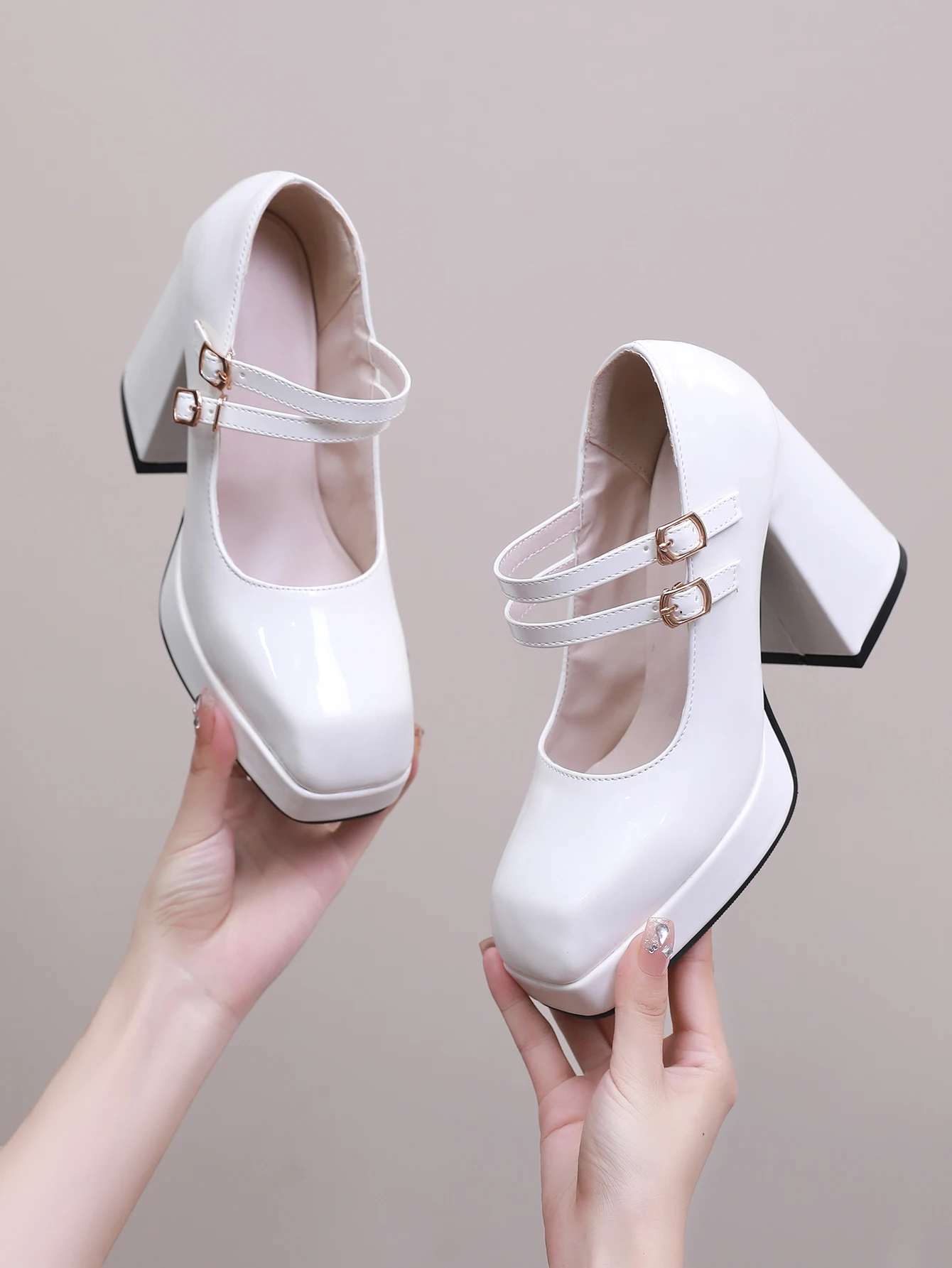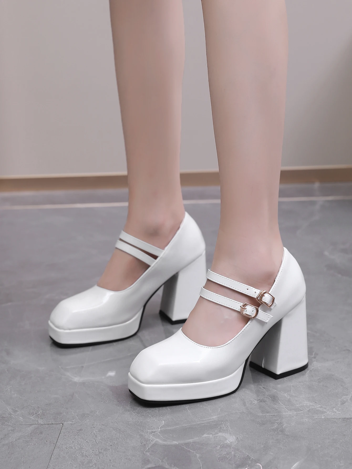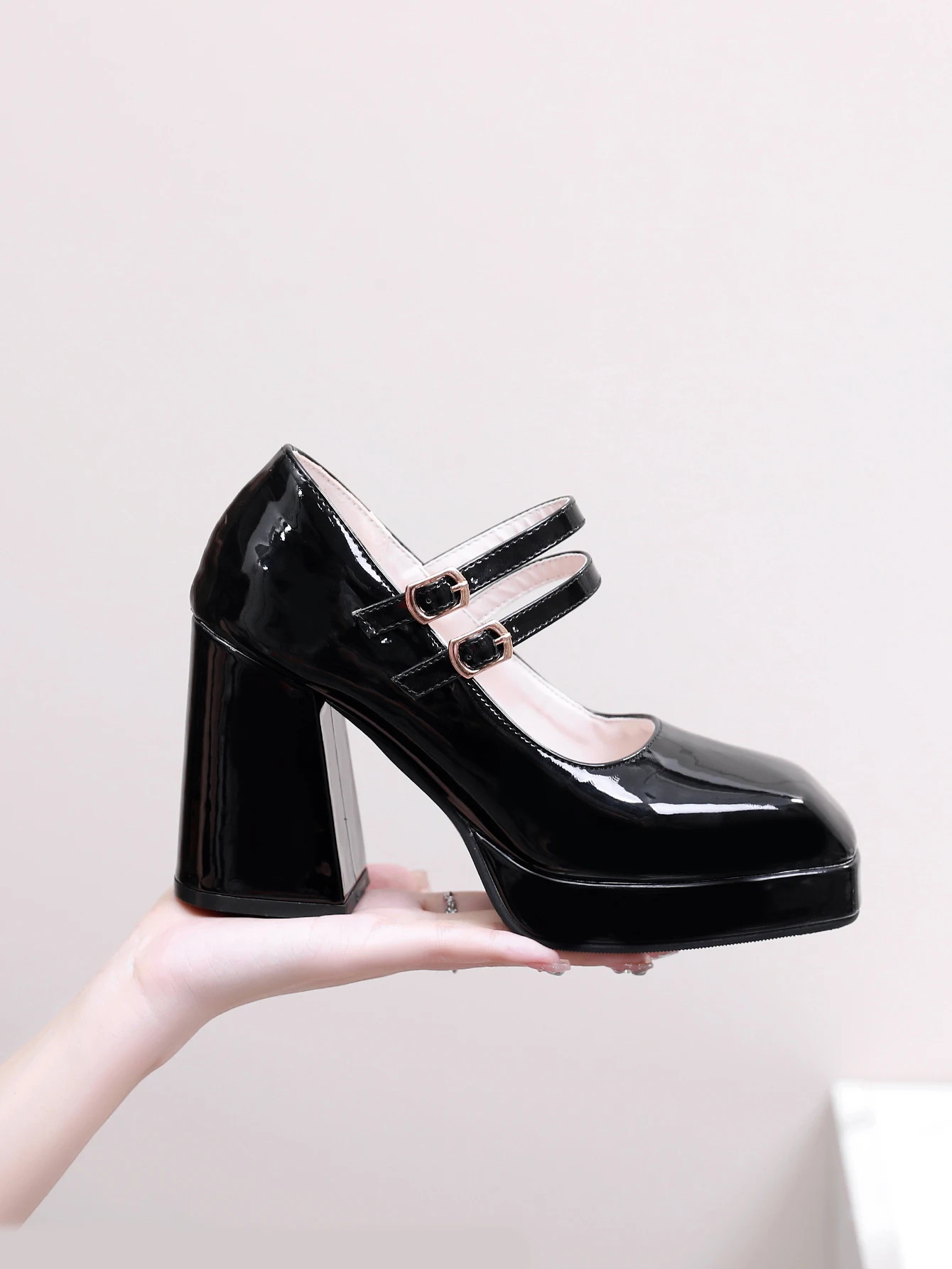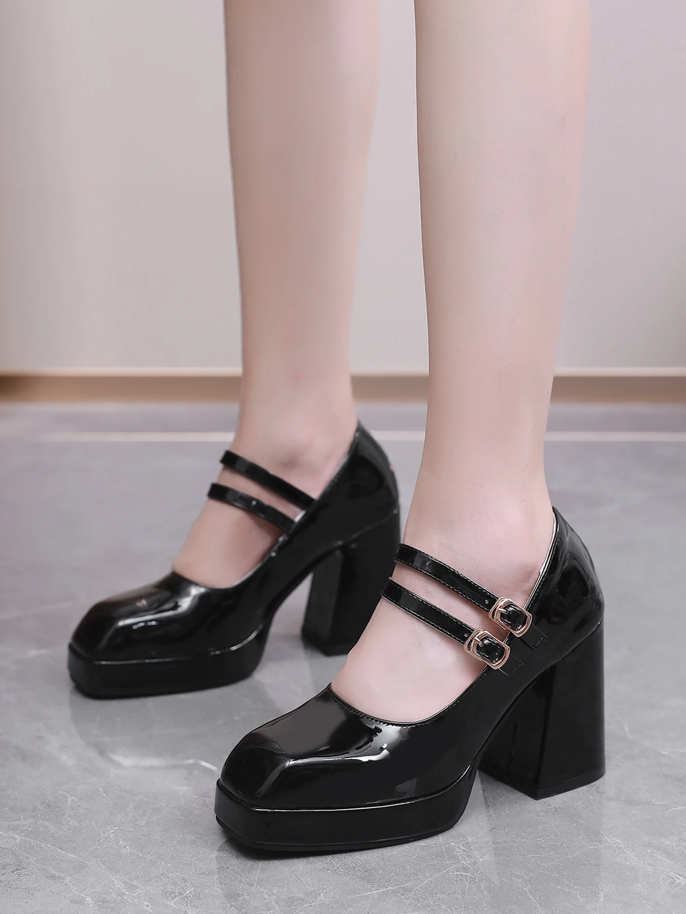 Advbridge new Spring women pumps plus size 23-28cm length patent leather upper double buckle Sexy shoes thick heel womens shoes
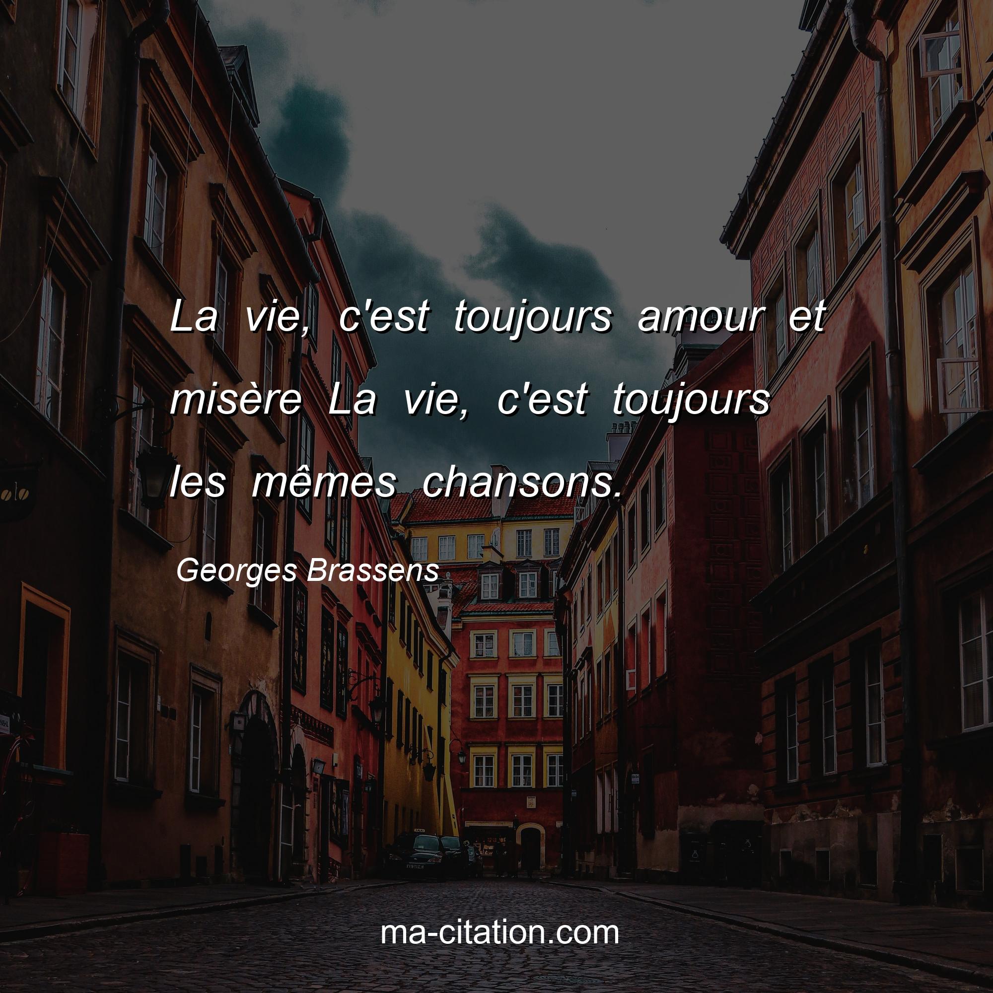 Citation sur la vie de Georges Brassens :La vie, c'est toujours amour et misère La vie, c'est toujours les mêmes chansons.
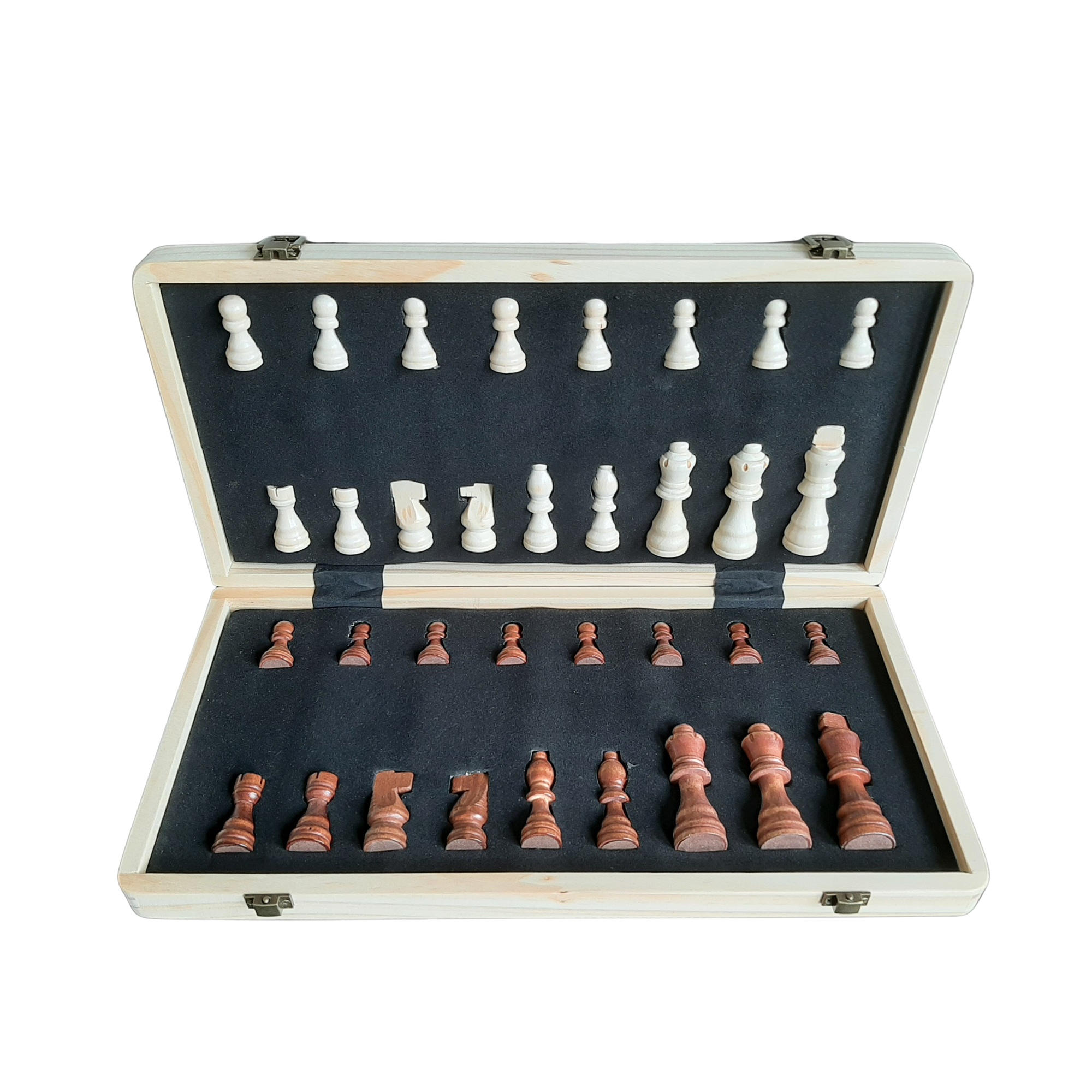 Klasické dřevěné šachy v kvalitním dřevěném kufru, který je zároveň šachovnicí o rozměru 39 x 39 cm. Kromě obvyklého setu šachových figurek obsahuje balení také dvě náhradní figurky dam. Šachové figurky mají ve spodní části magnet, díky kterému na šachovnici přijemně drží a nehrozí tak jejich posunutí např. při nechtěném pohybu.
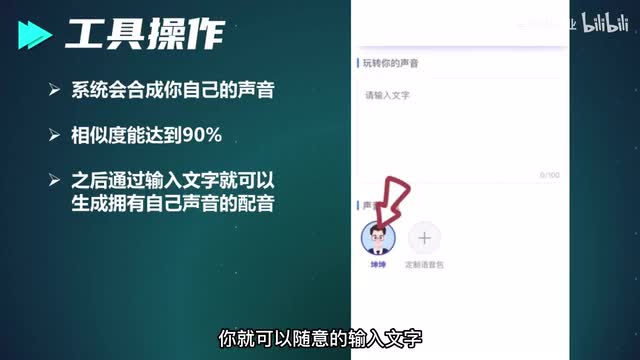 接下来文本框里啊会给你一行文字,我们把这行文字啊给它逐字的朗读一下,朗读完了之后呢,系统啊会自动合成你自己的声音,这个逼真的程度能够达到百分之九十。

# Task requirements
Skip the images and set down the rest of the data unchanged.

# Response below
 Advbridge new Spring women pumps plus size 23-28cm length patent leather upper double buckle Sexy shoes thick heel womens shoes
 Citation sur la vie de Georges Brassens :La vie, c'est toujours amour et misère La vie, c'est toujours les mêmes chansons.
 Klasické dřevěné šachy v kvalitním dřevěném kufru, který je zároveň šachovnicí o rozměru 39 x 39 cm. Kromě obvyklého setu šachových figurek obsahuje balení také dvě náhradní figurky dam. Šachové figurky mají ve spodní části magnet, díky kterému na šachovnici přijemně drží a nehrozí tak jejich posunutí např. při nechtěném pohybu.
 接下来文本框里啊会给你一行文字,我们把这行文字啊给它逐字的朗读一下,朗读完了之后呢,系统啊会自动合成你自己的声音,这个逼真的程度能够达到百分之九十。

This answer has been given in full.